Jones, who faces multiple felony counts of making terroristic threats, sat silently at the defense table throughout the days’ testimony, wearing a white dress shirt. Whenever he leaned forward, the shirt pulled tight across his shoulders and the “3XL” printed on the back of his inmate jumpsuit was legible through the thin fabric.
In their testimony, officers described numerous phone calls in which a male voice threatened to commit violent acts. In at least one case, the caller expressed a desire to rape, kill and mutilate children.

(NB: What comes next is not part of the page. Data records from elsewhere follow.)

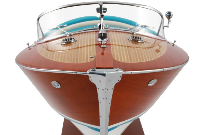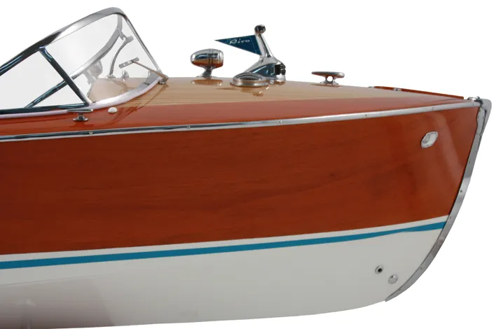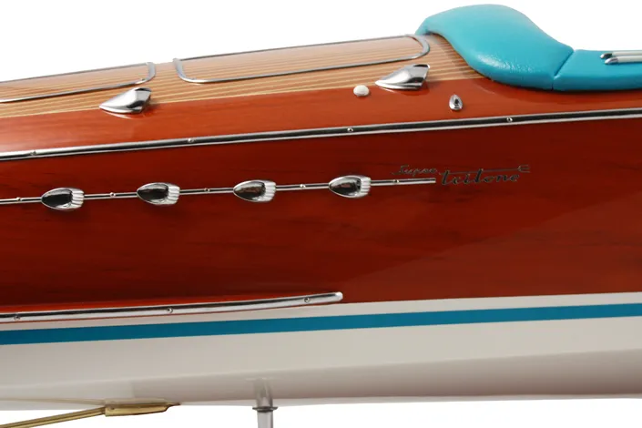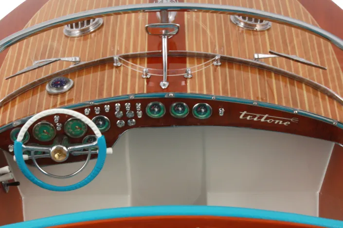 Dieses 82 cm lange Modell ist ein echtes Ausnahmeobjekt und wurde im Maßstab 1:10 angefertigt. Dieses exklusive, offizielle Modell ist ein originalgetreues Replikat der prestigeträchtigen Riva Tritone und wurde vollständig von Hand aus edlen Materialien gefertigt: Echtholz und marinefarbene Sattlerwaren. Alle Beschläge sind aus verchromtem Messing und werden von Juwelieren nach Maß angefertigt. 10 Lackschichten werden aufgetragen, um einen hervorragenden Glanz und eine hohe Lacktiefe zu erzielen. Das Modell wird mit türkisblauer und weißer Polsterung angeboten.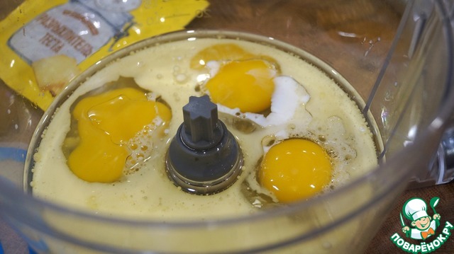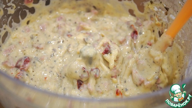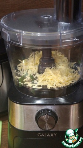 Для приготовления блюда использован кухонный комбайн GALAXY GL2300: сыр натерт при помощи насадки-терки, а тесто приготовлено при помощи насадки "венчик".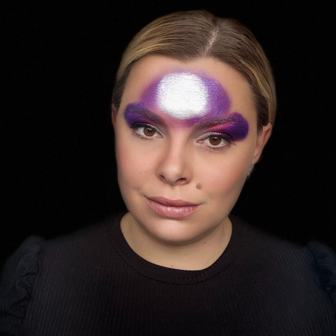 Gebruik een petal spons om Superstar Special Lavender, Cyclamen en Silverwhite with Glitter aan te brengen rond de ogen en over het voorhoofd.

The threats, made from several different phone numbers in late February and March of 2025, prompted lockdowns at several local schools and preschools. Under questioning from Deputy District Attorney Roger Rees, the lead prosecutor in the case, officers said the calls sparked fear in business employees, school secretaries, administrators and others.
Jones is being represented by Meagan O’Connell with the county’s Conflict Counsel Office. In cross-examining the officers, she questioned whether they could be certain about specific details, often challenging their assertions that the people who answered these calls found the threats credible and were scared by them.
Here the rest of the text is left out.